Camera-equipped drones may one day be the choice of paparazzi. People already have used camera drones for real estate sales, taking pictures of properties from unique vantage points. Federal officials closed at least one such business, because drones can’t yet be used for commercial purposes.

Blue said farmers may one day use drones and sophisticated sensors to determine what areas of their fields need water or fertilizer; they use conventional aircraft now. Researchers might also use drones to find items of interest in wide expanses of forest or ocean.

These aircraft can be as small as four-rotor copters that resemble a flying letter X, and can be put together with a few hundred dollars. The copters built by 3D Robotics run on open-source software. College engineering programs like them, Munoz said, because students can analyze software code, modify the code, improve the product (or crash the copter) and learn in the process.

Munoz said his enterprise is a success because it uses open-source software. 3D Robotics operates a website called DIY Drones, which lets tinkerers compare notes.

He said he also tries to make everything he sells as inexpensive as possible.

Cruising Along

It’s a long way from 2007 and 2008, when Munoz disassembled components from a Nintendo Wii and integrated them into a model helicopter, making a drone of his own. He posted updates to the project on the Internet, including the code he wrote. The work attracted notice from Chris Anderson, editor in chief of New York-based Wired Magazine and author of “The Long Tail: Why the Future of Business Is Selling Less of More.” Anderson sent him $100 and a note of encouragement. Today, Anderson and Munoz are 50 percent owners of 3D Robotics.

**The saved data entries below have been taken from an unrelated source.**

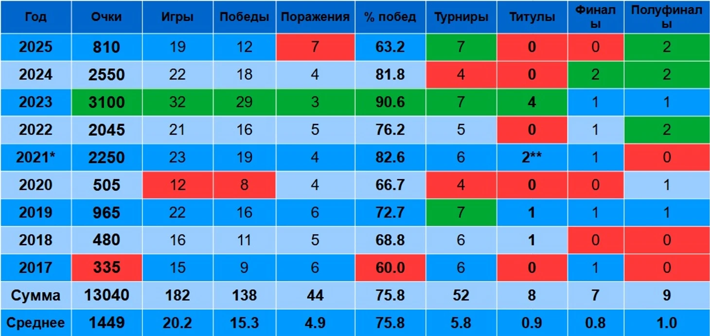 Лишь 6-ое место по очкам из 9 сезонов. Причем, отставание от первых четырех сезонов: 2021-2024, очень большое. Хуже было лишь на заре карьеры Медведева: в 2017-2018, и в ковидном 2020.
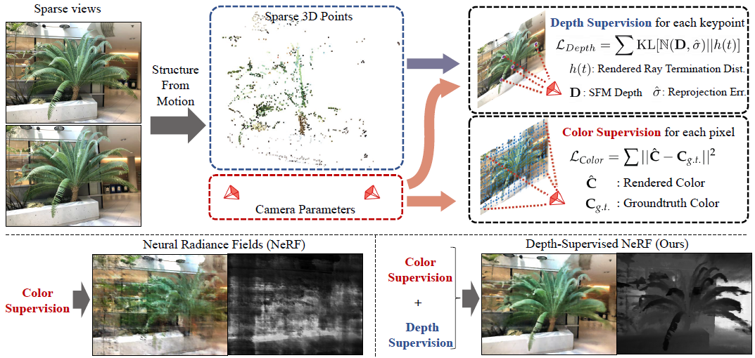 이미지를 입력으로 Structure From Motion(아래 설명)을 사용해서 3D Point Cloud와 Camera Pose인 Camera Paramter를 계산합니다. 3D Point Cloud값을 사용한 Depth Supervision Loss와 기존 NeRF와 동일한 Color Loss를 사용해서 학습합니다.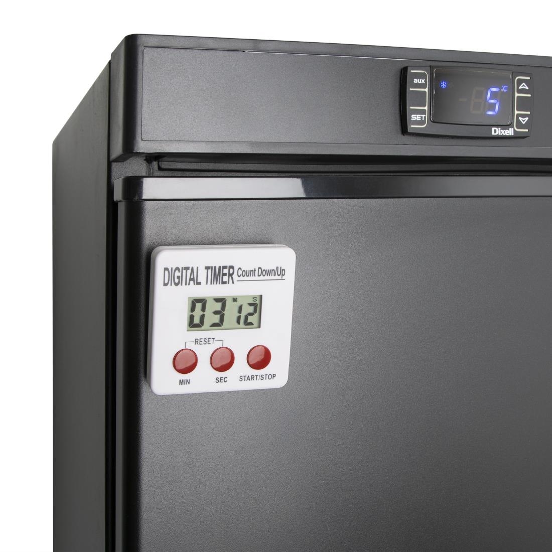 With its fold-out stand and rear magnet, this countdown timer from the Nisbets Essentials collection can be used anywhere. Place it on your work surface, or attach it to a nearby appliance. No matter where it is, the large digital display is always clear and easy to read.

3D Robotics has left garage and bedroom quarters in favor of 10,000 square feet of industrial space. The firm has 20 employees in San Diego and six in Tijuana, and relies on 20 software developers worldwide. It has three jobs open.

Its building houses specialized machines that churn out ArduPilot autopilots, which fit on purple circuit boards the size of business cards. Munoz said he would like to buy a second pick-and-place machine to mount components to circuit boards, and locate it in Tijuana. Eventually, he said, he would like to put most of his production in Mexico, while keeping the engineering team in the United States.

Seeking a Higher Ceiling

Current law states that model aircraft and UAVs must not fly higher than 400 feet. Preparing for the day when that ceiling might be lifted is SciFly LLC, based at Montgomery Field in Kearny Mesa.

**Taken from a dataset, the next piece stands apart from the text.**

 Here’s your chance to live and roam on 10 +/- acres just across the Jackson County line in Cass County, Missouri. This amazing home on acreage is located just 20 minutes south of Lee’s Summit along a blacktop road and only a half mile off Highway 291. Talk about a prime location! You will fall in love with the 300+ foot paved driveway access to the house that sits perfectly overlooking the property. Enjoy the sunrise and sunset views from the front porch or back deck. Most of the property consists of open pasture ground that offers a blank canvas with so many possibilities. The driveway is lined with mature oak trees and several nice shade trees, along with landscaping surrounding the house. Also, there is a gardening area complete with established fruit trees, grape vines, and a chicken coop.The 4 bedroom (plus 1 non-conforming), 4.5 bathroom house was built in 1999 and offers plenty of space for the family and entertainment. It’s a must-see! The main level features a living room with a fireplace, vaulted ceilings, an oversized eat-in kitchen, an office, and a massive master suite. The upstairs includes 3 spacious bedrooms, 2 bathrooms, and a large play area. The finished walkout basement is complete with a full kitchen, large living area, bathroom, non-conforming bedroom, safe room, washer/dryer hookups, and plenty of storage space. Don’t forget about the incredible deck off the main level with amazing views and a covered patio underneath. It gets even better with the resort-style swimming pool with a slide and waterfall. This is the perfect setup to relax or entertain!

SciFly said it can help camera developers today by carrying their inventions into the sky. Since sensors can often produce great amounts of data, the SciFly aircraft (a Cherokee Six model from Piper Aircraft Inc.) has room for people onboard. Those passengers can interpret that data, eliminating the need for a sophisticated wireless connection to transfer the data to the ground.

SciFly said commercial or government clients might one day want to send specialized instruments such as multispectral/hyperspectral cameras into the air. These cameras can key in on certain colors and ignore surrounding “noise,” accomplishing feats such as locating whales and dolphins in the open ocean. They might also locate wreckage, lost hikers or oil sheens.

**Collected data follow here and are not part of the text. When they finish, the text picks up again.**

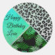 Glitterie Aquamarin Tropical Leopard Print Birthda Runder Aufkleber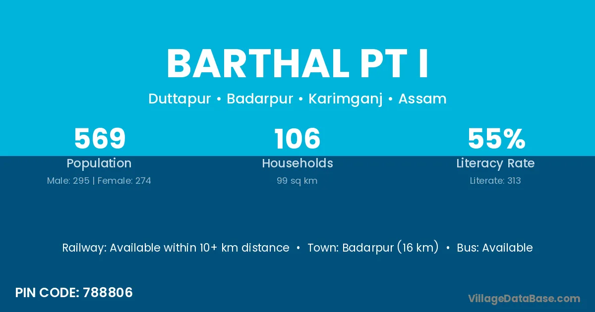 Badarpur (16 km) is the nearest town to Barthal Pt I village for major economic activities and is located approximately 16 km away.
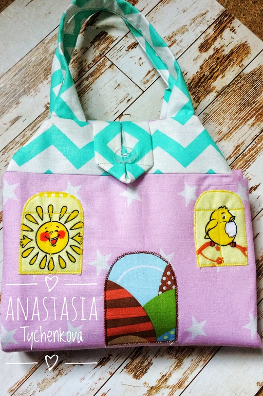 Развивающие игрушкиКогда я была маленькой, в моем советском детстве, были только пластмассовые пупсы. А хотелось всегда чего-то душевного, маленького и миленького. Именно поэтому я, когда родилась дочка, начала скупать все домики, которые видела. А когда начала шить, то первыми стали домики. Эту сумочку-домик я сшила в детский сад дочки по МК Ольги Вайды.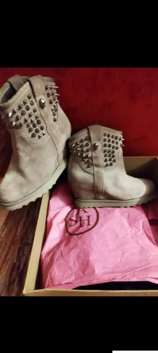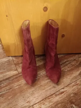 Eleganti stivaletti con zeppa, realizzati in camoscio. Stivaletti in camoscio con zeppa taglia 38 bordeaux comodi marca Zara - Materiale: camoscio e pelle. - Design con zeppa. - Altezza gambale media.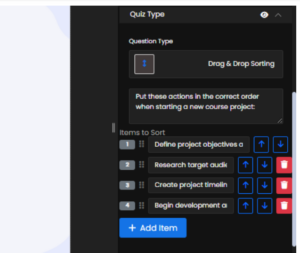 In the Drag-and-Drop Sorting drop-down, you can enter your question and list the answers in the correct sequence. Additional items can be added as needed. Once done, click Update Question to save your edits. During the quiz, learners can sort the items by dragging them up or down. Correctly placed items will be marked as correct, while items in the wrong order will be marked as incorrect.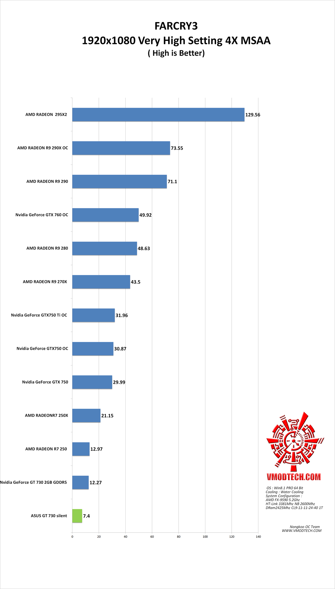 FARCRY3 ความละเอียด 1920X108 Very High MSAA 4X เฟรมเรตอยู่ที่ 7.4เฟรมเรต เฟรมเรตต่ำครับกับคอนฟิกสูงๆ ไม่เหมาะเท่าไหร่กับเกมส์กินสเปกแบบนี้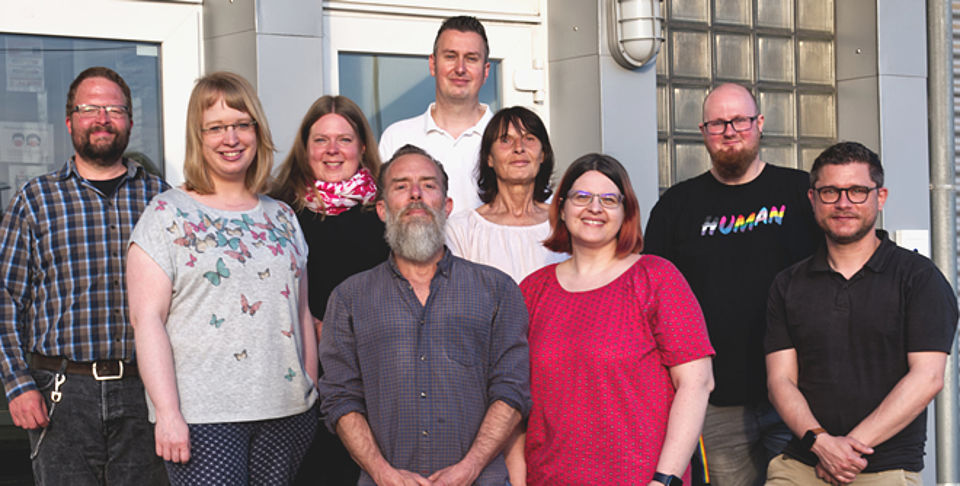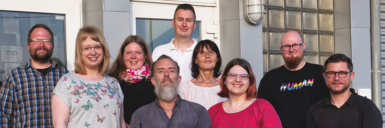 Auf dem Gruppenbild stehen von links nach rechts: Stefan Sauer (Schuldnerberatung), Vanessa Koberstein (Kinder & Jugend), Nina Krüger (Rettungsdienst), Chris Goodpaster (inzwischen ausgeschieden), Thomas Rackow (Stellv. Vorsitzender; Kinder & Jugend), Barbara Piefke (Rettungsdienst), Katrin Güldenpfennig (Kinder & Jugend), Wilhelm Kerkhoff (Kinder & Jugend), Sebastian Sielaff (Vorsitzender, Rettungsdienst).

A combination of cameras, software and computers might soon allow robots to pass over an area, then revisit the area and detect changes such as a moved vehicle, Blue said.

Large drones able to keep a lot of fuel onboard may someday work for long-endurance commercial or government missions, Blue added. Drones may also be best for dangerous missions, such as low flights in bad weather.

For now, some drone work is science fiction, or at least appropriate for April Fool’s Day.

One outfit in the San Francisco Bay Area recently promoted food delivery to certain GPS coordinates via small helicopter drones.

Some have dismissed TacoCopter Inc. as a hoax, though the business does seem to be offering a product — logo T-shirts — on its website.